Another signage that was totally out of this world was from a place called Mr. Froggie which read: SORRY! We are open! 11:59 til you drop! I mean, what were they apologizing for? Is the food that bad???
Much of Old San Juan has been preserved and re-lives the struggle of Puerto Rico for its independence and its name. The palatial Capitol stands imposingly against the blue sky and onto the sea. At the end of the Paseo dela Princesa is a grand sculpture and fountain which pays tribute to the various ancestry that make up the Puerto Rican heritage.
The fountain at Plaza Princesa
The view from the Fort El Morro of the bay is breathtaking. And as if to add more drama, the clouds turned gray and threatened to heave some rain but didn't. The weather stayed mild, not humid at all. There was no way you could complain about the weather in this island paradise.

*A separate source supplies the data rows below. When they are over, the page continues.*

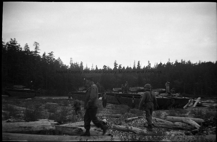 Line of amphibious vehicles on beach. Soldiers walk around in foreground. Deed states Negatives of "Turkey Day Festival" 1950.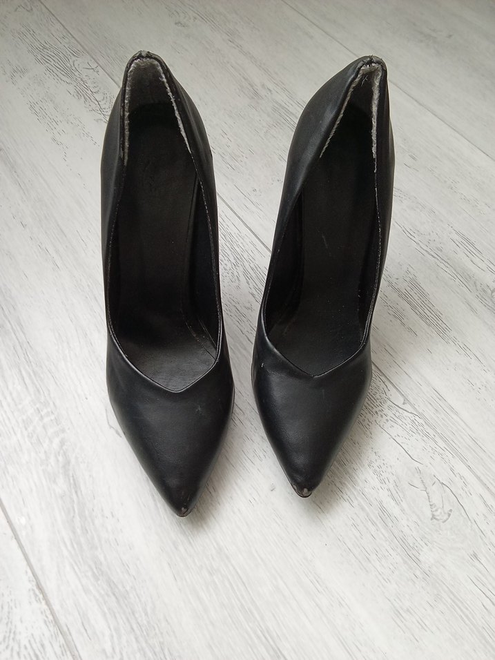 Siyah Deri Stiletto Topuklu Kadın Ayakkabı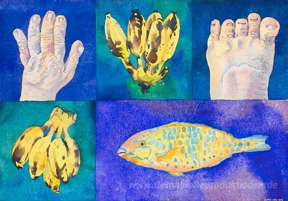 Wir bieten Ihnen eine handgefertigte Reproduktion auf Leinwand des berühmten Kunstwerks 'Fischer' von Walter Battiss, aus dem Reproduktionsmuseum.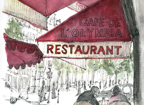 オペラとマドレーヌの間にあるカフェに入り、カフェと外の景色を描く事にした。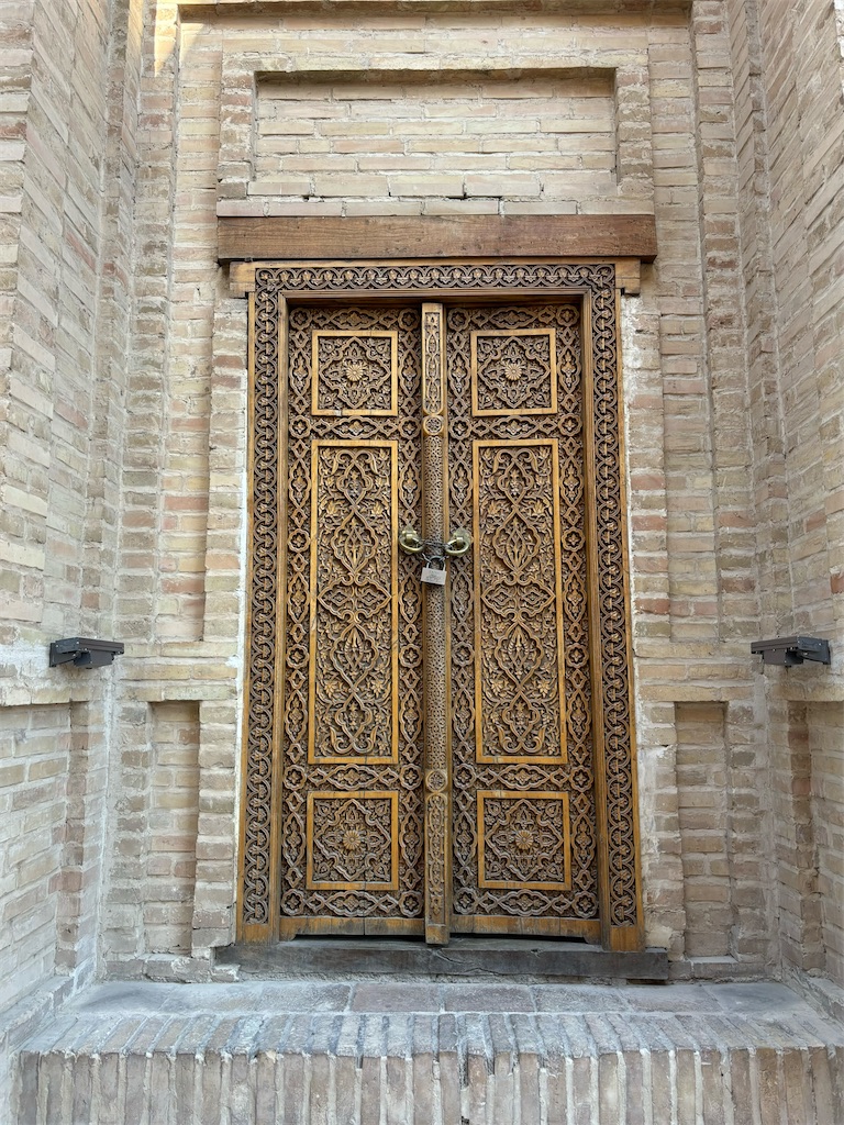 入場料を払って中に入ると、まず左側にこじんまりとした美しいモスクがあります。ここはティムールの乳母、ウジャナイのための廟だそうで、今は女性のためのモスクになっています。女性だけのためのモスクというのは非常に少ないのだそうです。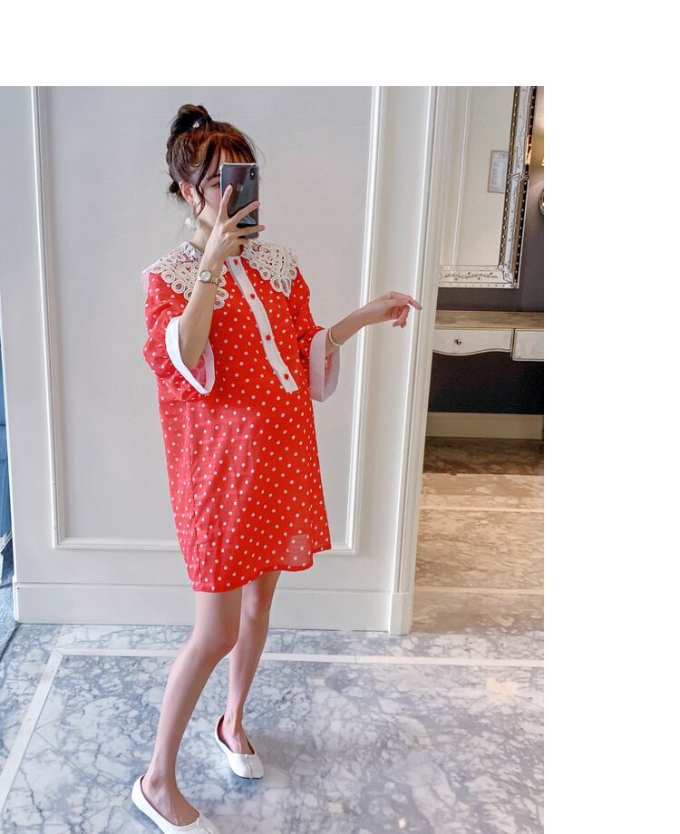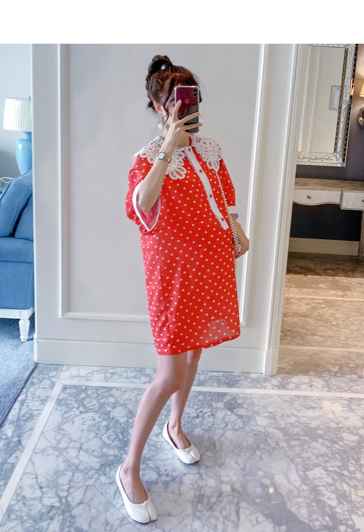 おしゃれ かわいい マタニティウェア ドレス サマールーズ水玉ブラウス スリーブ 夏物 hotmom91976905063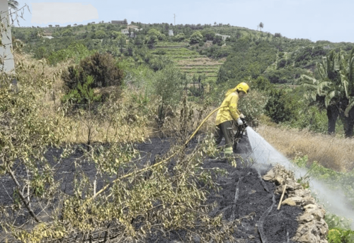 Am Sonntagmittag gegen 14 Uhr brach auf einem Grundstück mit Buschwerk ein Feuer aus. Glücklicherweise konnte die Feuerwehr schnell löschen und es waren nur rund 50 Quadratmeter betroffen. Der Gemeinderat, Héctor Cabrera, bat die Inselbewohner und Besucher um äußerste Vorsicht und erinnerte daran, dass alle Geräte, die Funkenflug erzeugen könnten, in Naturnähe nicht benutzt werden dürfen. Die Nutzung der Grillplätze im Wald ist verboten.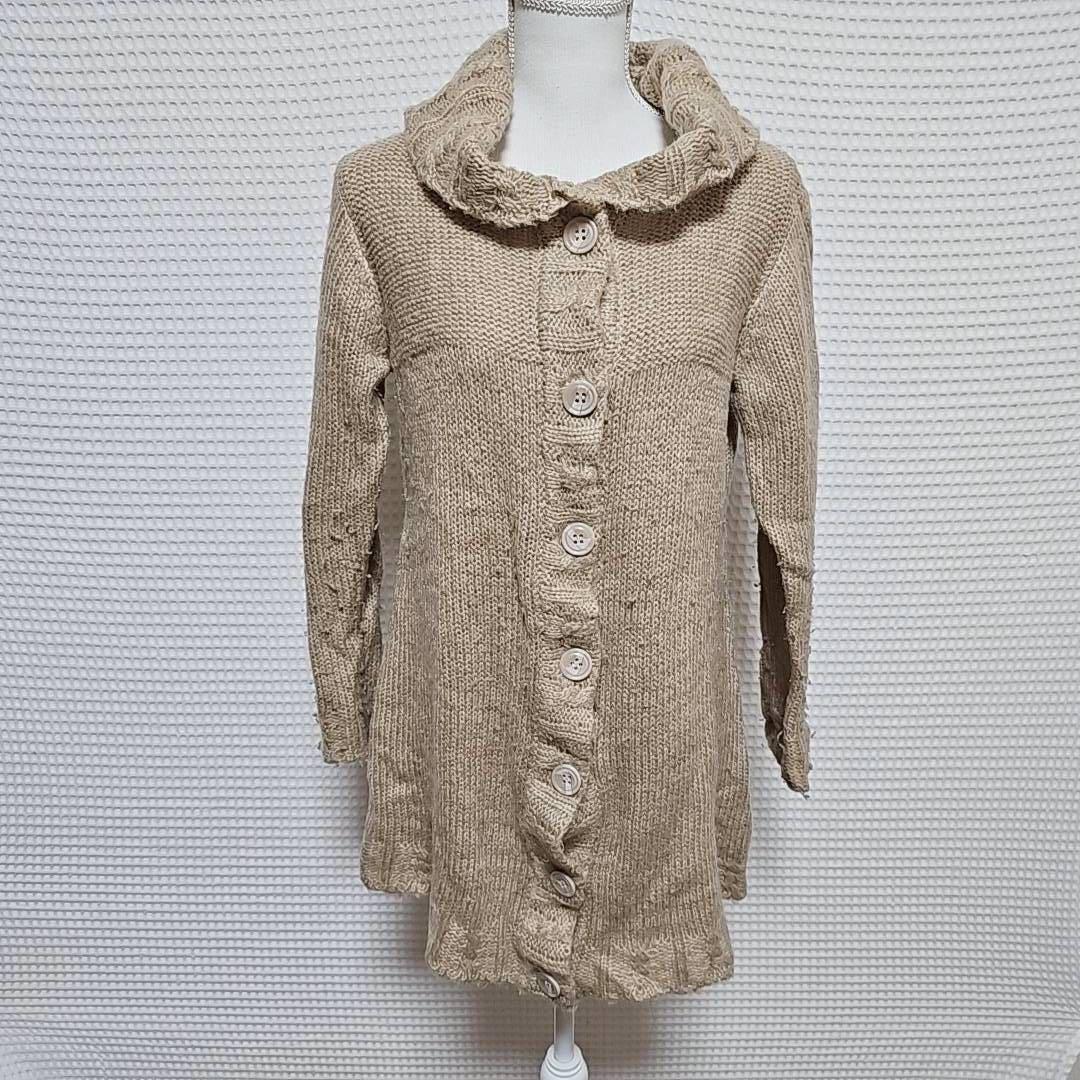 コーラルカラーのフード付きニットカーディガン、M-Lサイズ、ボタン留めデザイン。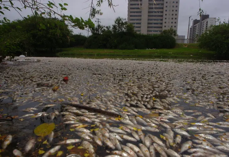 O fato ocorre desde o fim da tarde de ontem, mas se intensificou nesta manhã. Os animais boiavam entre garrafas, sacolas plásticas e outros dejetos.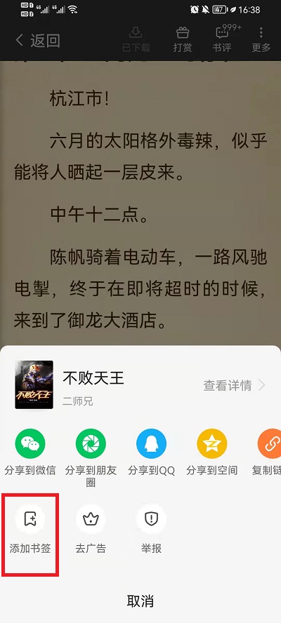 3、然后会弹出来我来教你渠道还有【添加书签】,我们需要点击左下角的【添加书签】设置书签,设置书签的时候,小说内容页面需要调整到自己想要设置书签的页面内容上,因为设置书签是设置当前页面内容;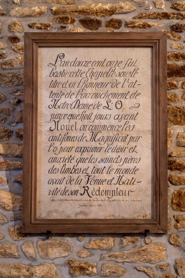 L’an douze cent onze, cette chapelle a été bâtie en l’honneur de Notre Dame de l’Ô, en mémoire des Ô, qui commencent les antiphones de Magnificat des huit jours qui précèdent la fête de Noël et qui expriment les désirs et l’anxiété des Saints Pères des limbes et de tout le monde qui attendaient le divin accouchement.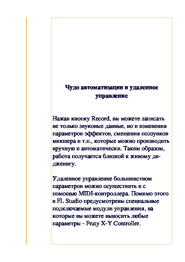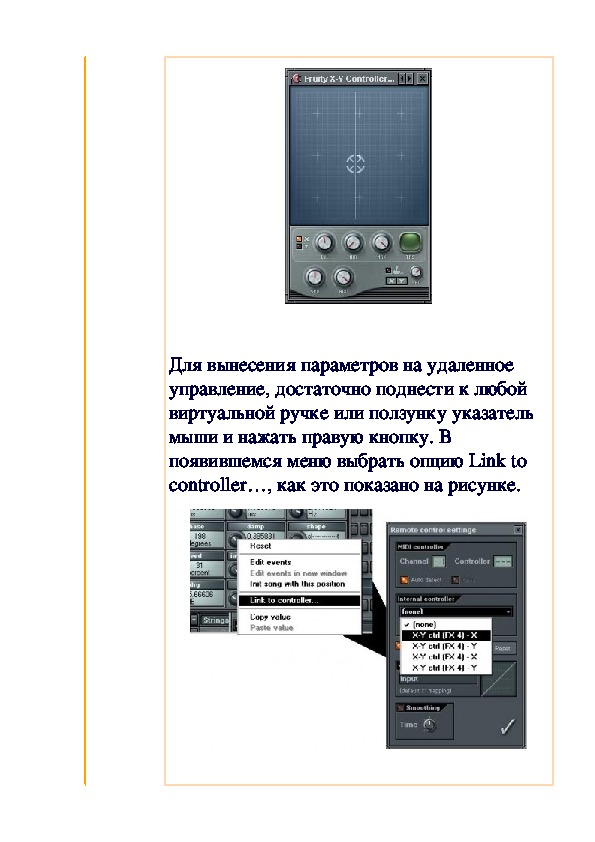 Удаленное управление большинством параметров можно осуществить и с помощью MIDI-контроллера. Помимо этого в FL Studio предусмотрены специальные подключаемые модули управления, на которые вы можете выносить любые параметры - Fruty X-Y Controller.

The people are warm, very welcoming and the old folks smiling. I think Puerto Rican women are really beautiful, no wonder four Ms. Universe titleholders and many a finalist have hailed from here. The men are like the familiar Filipinos - machismo definitely oozing from their genes. And what a funny coincidence, the weekend past-time is also sabong or cock-fighting.
As we returned to our hotel in Isla Verde from Old San Juan we passed by low income residential buildings that reminded me of the Bliss structures in Manila. Gigi narrated that these were built by a politician to integrate the low income bracket into the once high class expensive environs of the Condado. Exactly the story of our own Bliss.